- Task brief: Print the whole listing again exactly as it stands, leaving out any images.

- Data:
= = = = = = =

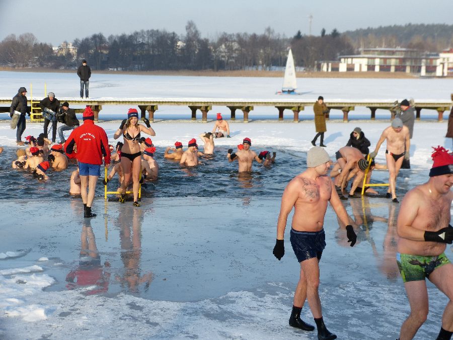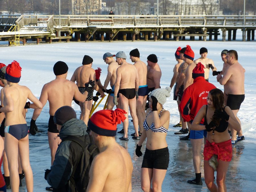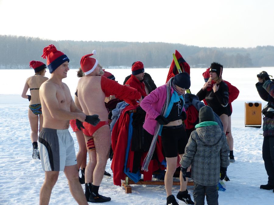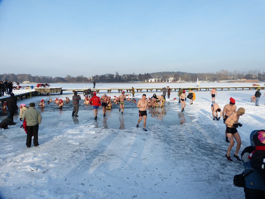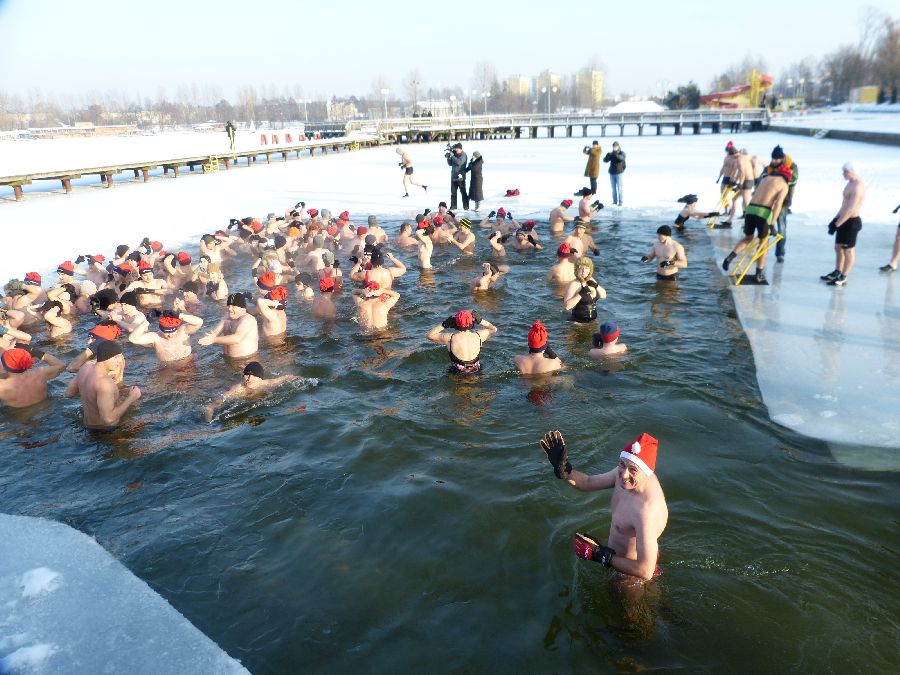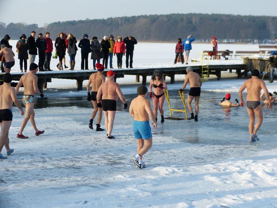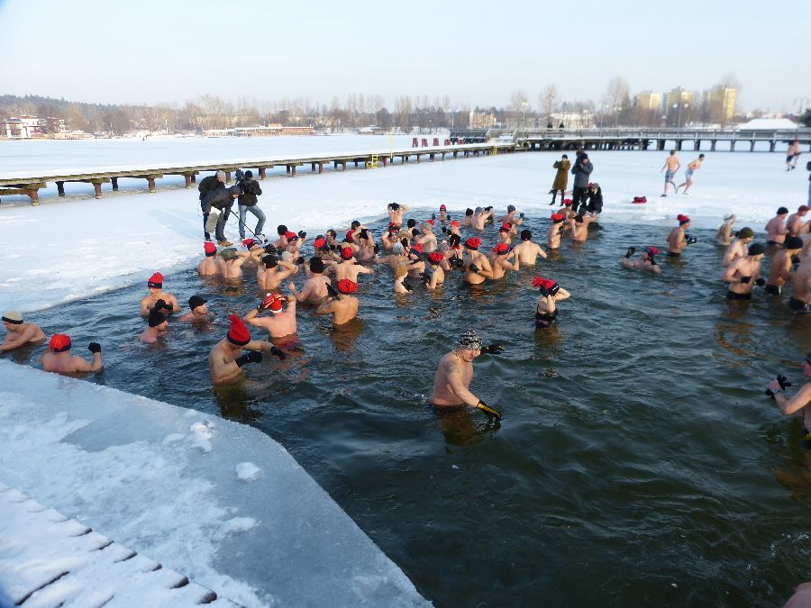 W końcu tak jak lubimy -12 stopni, po obfitej rozgrzewce morsy plusk do wody dając upust swoim
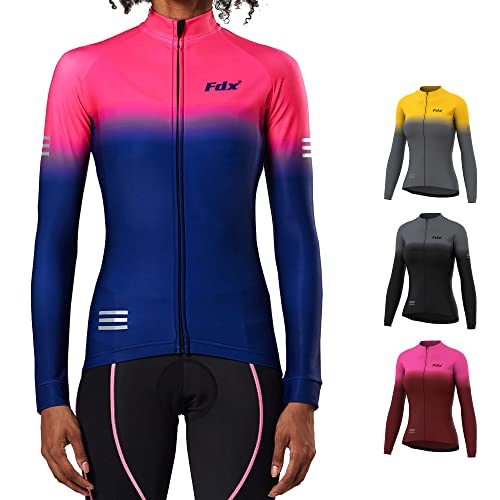 FDX Women’s Thermal Cycling Jersey Long Sleeve Italian Roubaix Winter Bike Jacket, Windproof Water Resistant Cycling Top, Breathable Full Zip High Visibility Bicycle Shirt with Pockets(Navy/Blu -M)
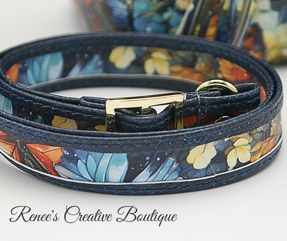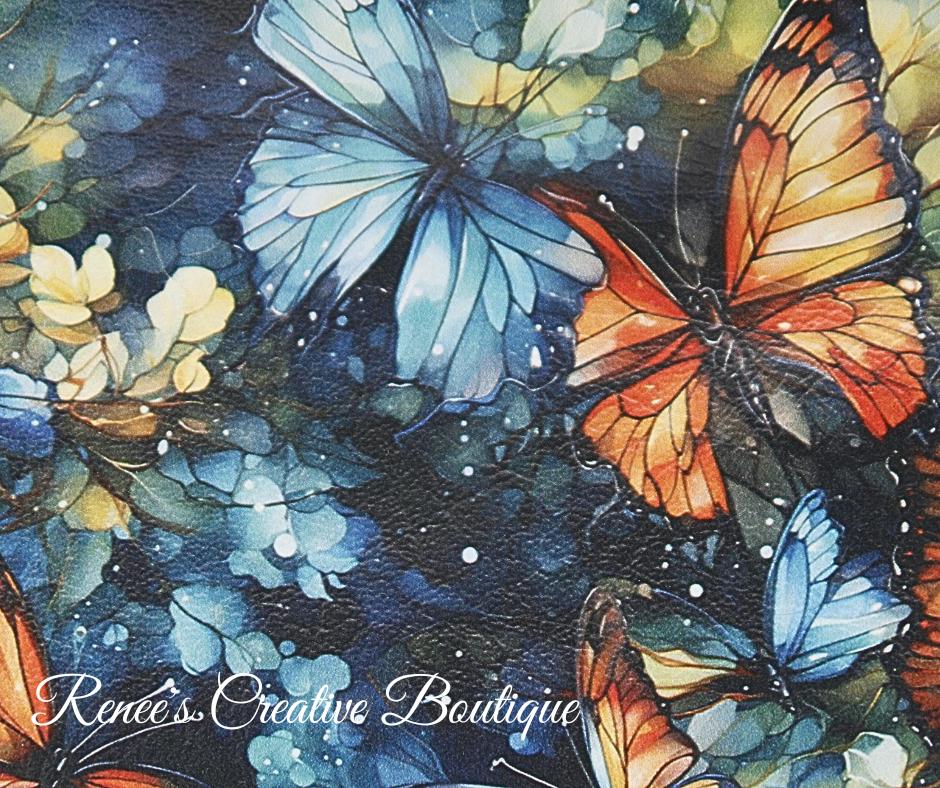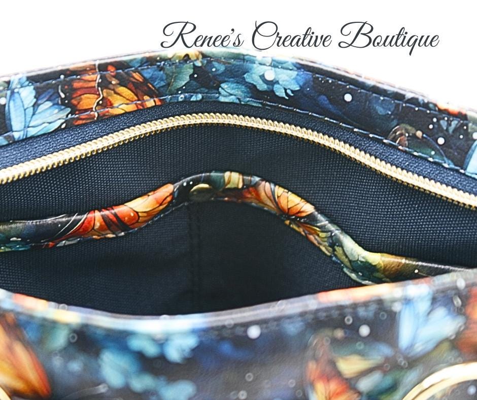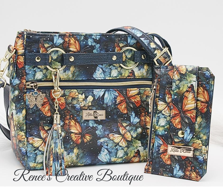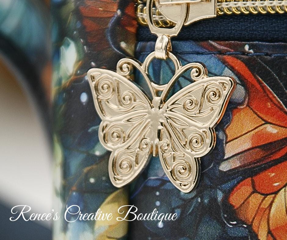 This stunning Momexa crossbody is designed with a Watercolor Butterfly vinyl exterior and a navy blue water resistant canvas interior. This bag comes with and interior and exterior zippered pocket with two slip pockets on the interior as well. All three zippers come with gold butterfly zipper pulls including the top zipper closure. An added decorative tassel on the front makes the bag complete. The purse comes with an adjustable strap and the bag measures 9"x 8" x 3"

= = = = = = =

- Solved exercise:
 W końcu tak jak lubimy -12 stopni, po obfitej rozgrzewce morsy plusk do wody dając upust swoim
 FDX Women’s Thermal Cycling Jersey Long Sleeve Italian Roubaix Winter Bike Jacket, Windproof Water Resistant Cycling Top, Breathable Full Zip High Visibility Bicycle Shirt with Pockets(Navy/Blu -M)
 This stunning Momexa crossbody is designed with a Watercolor Butterfly vinyl exterior and a navy blue water resistant canvas interior. This bag comes with and interior and exterior zippered pocket with two slip pockets on the interior as well. All three zippers come with gold butterfly zipper pulls including the top zipper closure. An added decorative tassel on the front makes the bag complete. The purse comes with an adjustable strap and the bag measures 9"x 8" x 3"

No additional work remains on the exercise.